To find the maximum height reached by the ball, we need to determine the vertex of the parabolic function h(t) = -5t^2 + 10t + 40. The vertex of a parabola in the form y = ax^2 + bx + c is given by the coordinates (h, k), where h = -b/2a and k = f(h).
In this case, a = -5, b = 10, and c = 40. Let's calculate the time when the ball reaches its maximum height:
h = -b/2a = -10 / (2 * -5) = -10 / -10 = 1
Now, substitute t = 1 into the equation to find the maximum height:
h(1) = -5(1)^2 + 10(1) + 40 = -5 + 10 + 40 = 45
Therefore, the maximum height reached by the ball is 45 meters.
To determine when the ball hits the water, we need to find the time at which h(t) becomes zero (since the water level is at h = 0).
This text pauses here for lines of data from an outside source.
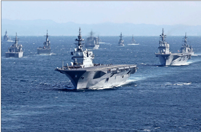
JAPÓN ha potenciado sus FF.AA. en los últimos años. En la foto, buques de la Fuerza Marítima de Autodefensa.

“El rearme de Japón definitivamente está diseñado para contrarrestar el poder creciente de China, que su Estrategia de Seguridad Nacional designa como un
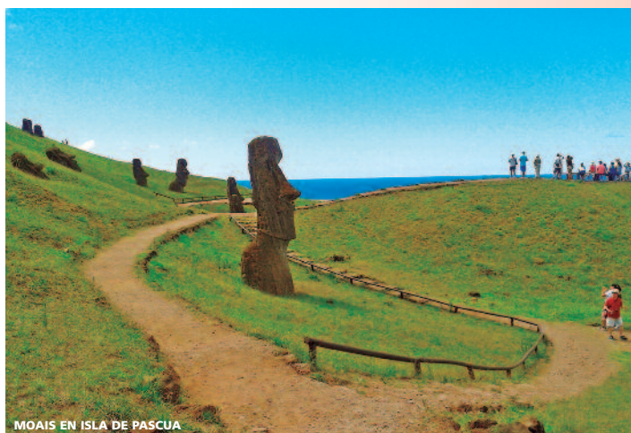
MOAIS EN ISLA DE PASCUA

Nota: Consultar Suplementos en caso de realizar más de una de estas extensiones.
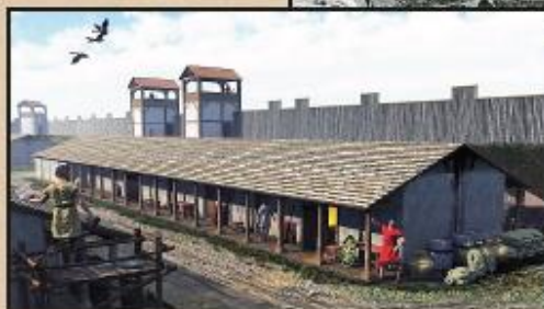
DE PARKEERVAKKEN STAAN BOVEN DE SOLDATENBARAKKEN.
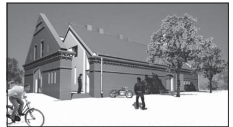
Świetlica wiejska w Rakowni.

10. Rozstrzygnięto również przetarg ogłoszony przez Stowarzyszenie Przyjaciół Rakowni na realizację projektu Budowa i wyposażenie świetlicy wiejskiej w Rakowni . Prace potrwać do końca przyszłego roku.
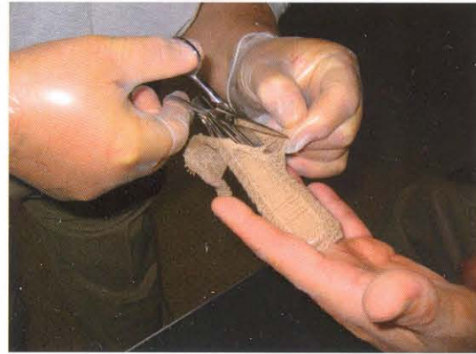
Eine Fingerverletzung wird korrekt versorgt

Die Qualität der Ausbildung hängt von verschiedenen Faktoren ab. Nicht zuletzt sind es die Kursteilnehmerinnen und Kursteilnehmer, welche sich für eine solche Aufgabe bereitstellen. Weiter sind es natürlich die Dozentinnen und Dozenten. Hier ist entscheidend, dass diese neben ihrer fachlichen und methodischen Kompetenz eine weitere Fähigkeit mitbringen müssen. Bei der Vermittlung der notfallspezifischen Themen muss ein realer Bezug zum Betriebssanitätsumfeld hergestellt werden können. Diesem Bezug wird bei Wicki + Ambühl AG grosses Gewicht beigemessen.
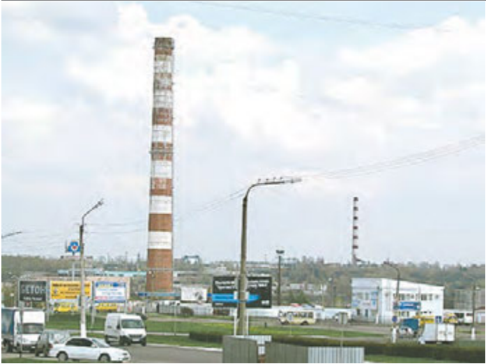
Коммунальщики города готовятся к зиме в штатном режиме

работ при строительстве Волго-Донского канала! Завершился митинг минутой молчания, которой почтили память павших в Курской битве и торжественным возложением алых гвоздик и венков к Вечному огню мемориала. Юлия Ханина фото автора
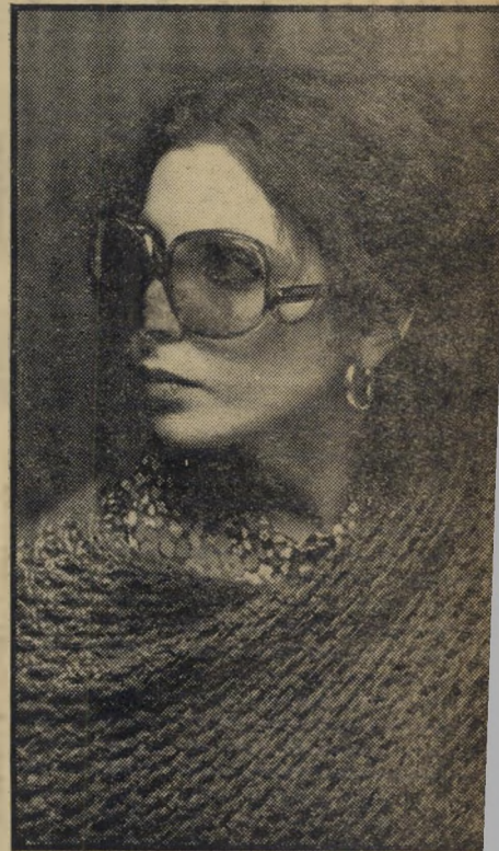
זמרת אתי עופרים העיקר הבריאות

את היומיים הראשונים לשיבת ציון (ה' זמנית) של אסתר עופרים, בילתה הזמרת
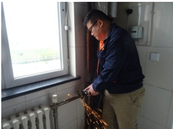
丹 B 暖气管腐蚀严重

丹枫园部分暖气管腐蚀严重。特别是厕所、水房、洗浴间的暖气管，因环境长期潮湿、腐蚀严重，存在供暖隐患。我班组对丹枫园 B 栋七、八、九层，C 栋六层楼道暖气管进行了更换。
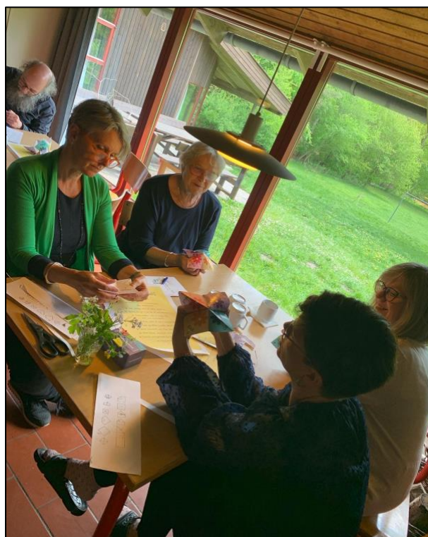
... og samtalt ud fra dialogkort
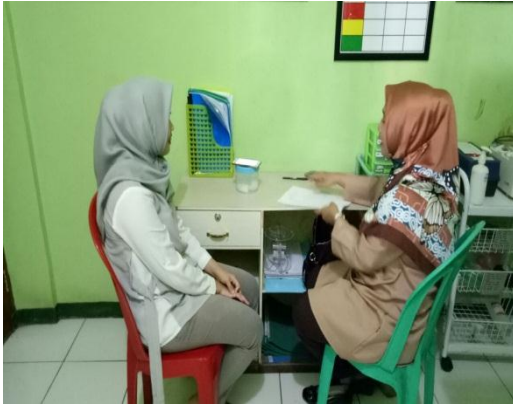
1. Wawancara dengan Dokter
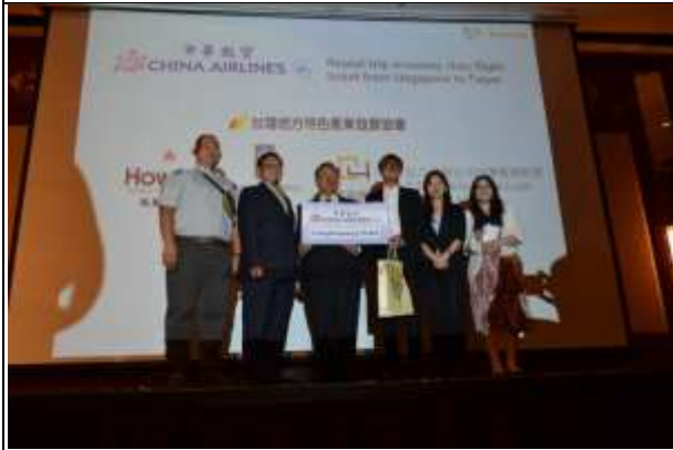
張大同大使頒發首獎-
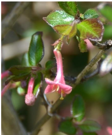
図 4.ミヤマウグイスカグラの花。一つの花の基部に一つの子房。花の色は、濃い桃色。
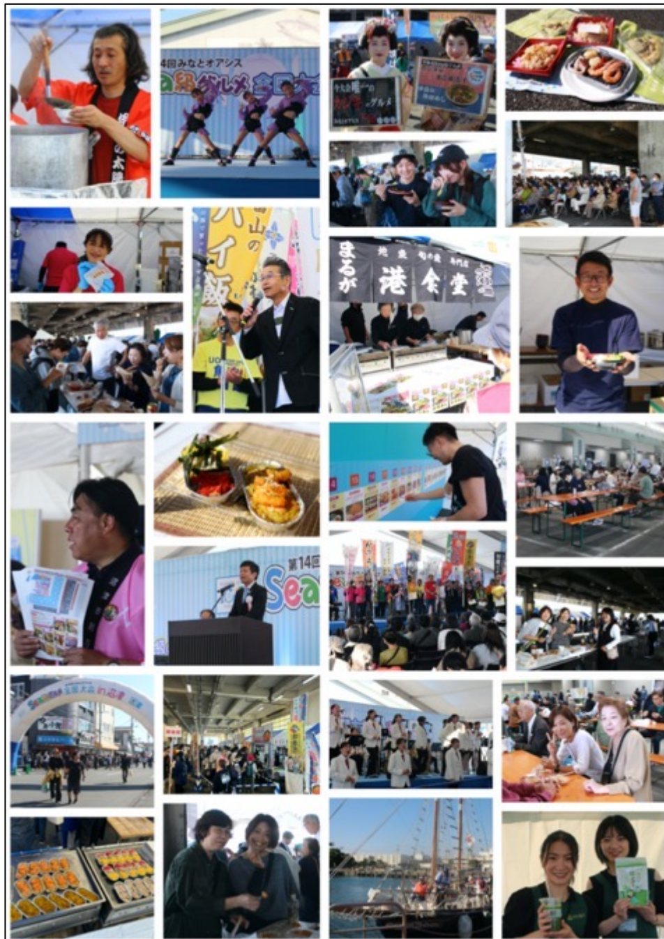
【Sea級グルメ全国大会フォトギャラリー】
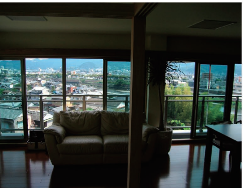
リフォームで新しい景色が広がりました。
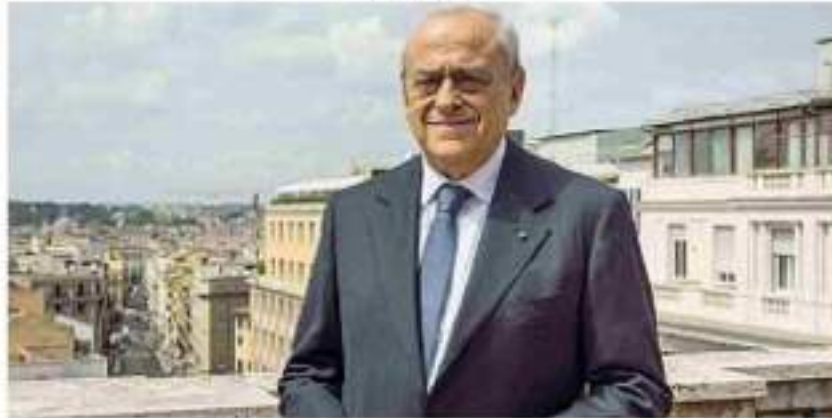
Imprenditore Francesco Gaetano Caltagirone, presidente di Caltagirone spa

● È il quinto uomo più ricco d'Italia con un patrimonio di 12 miliardi, ma anche uno dei più influenti nelle partite cruciali della finanza del Paese
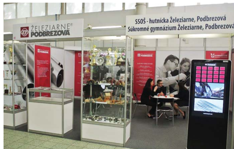
Náš stánok objektívom O. Čiefovej

Na najväčšom veľtrhu práce Job Expo mali Železiarne Podbrezová možnosť prezentovať svoju spoločnosť pred širokou verejnosťou a vybrať si priamo budúcich zamestnancov či nadviazať kontakty s budúcimi partnermi. Uchádzači o zamestnanie našli na tomto veľtrhu asi 220 zamestnávateľov zo Slovenska i zahraničia, ktorí ponúkali voľné pracovné miesta. Pripravené bolo aj množstvo sprievodných podujatí – prednášok, workshopov. Úrad práce, sociálnych vecí a rodiny zabezpečil bezplatnú dopravu
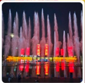
น้ำพุคังปายี

• ไซโล่ เป็นทรายเสียงซาวาน แหล่งท่องเที่ยวระดับ 5A ของจีน ภูเขาไฟอุลันฮาตา น้ำพุคังปายี น้ำพุที่สูงที่สุดในเอเชีย
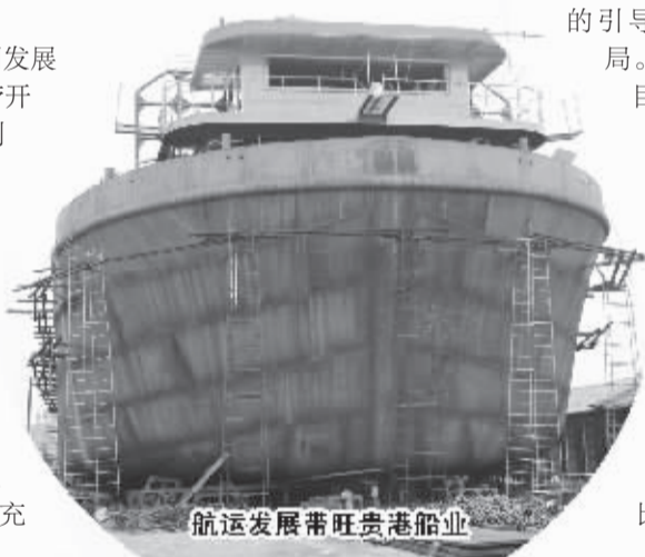
航运发展带旺贵港船业

近年来，贵港市努力打造西江黄金水道、推动区域协调发展的战略部署，紧紧围绕“把贵港建设成为西江流域核心港口城市”的战略目标，抓住难得的历史机遇，充

We can solve the equation -5t^2 + 10t + 40 = 0 using the quadratic formula.
The quadratic formula is given by:
t = (-b ± sqrt(b^2 - 4ac)) / (2a)
In our case, a = -5, b = 10, and c = 40. Substituting these values into the quadratic formula:
t = (-10 ± sqrt(10^2 - 4 * -5 * 40)) / (2 * -5) = (-10 ± sqrt(100 + 800)) / (-10) = (-10 ± sqrt(900)) / (-10) = (-10 ± 30) / (-10)
This gives two solutions:
t1 = (-10 + 30) / (-10) = 20 / (-10) = -2 t2 = (-10 - 30) / (-10) = -40 / (-10) = 4
Since time cannot be negative in this context, we discard t1 = -2. Therefore, the ball hits the water after 4 seconds.
To summarize: A) The maximum height reached by the ball is 45 meters. B) The ball hits the water after 4 seconds.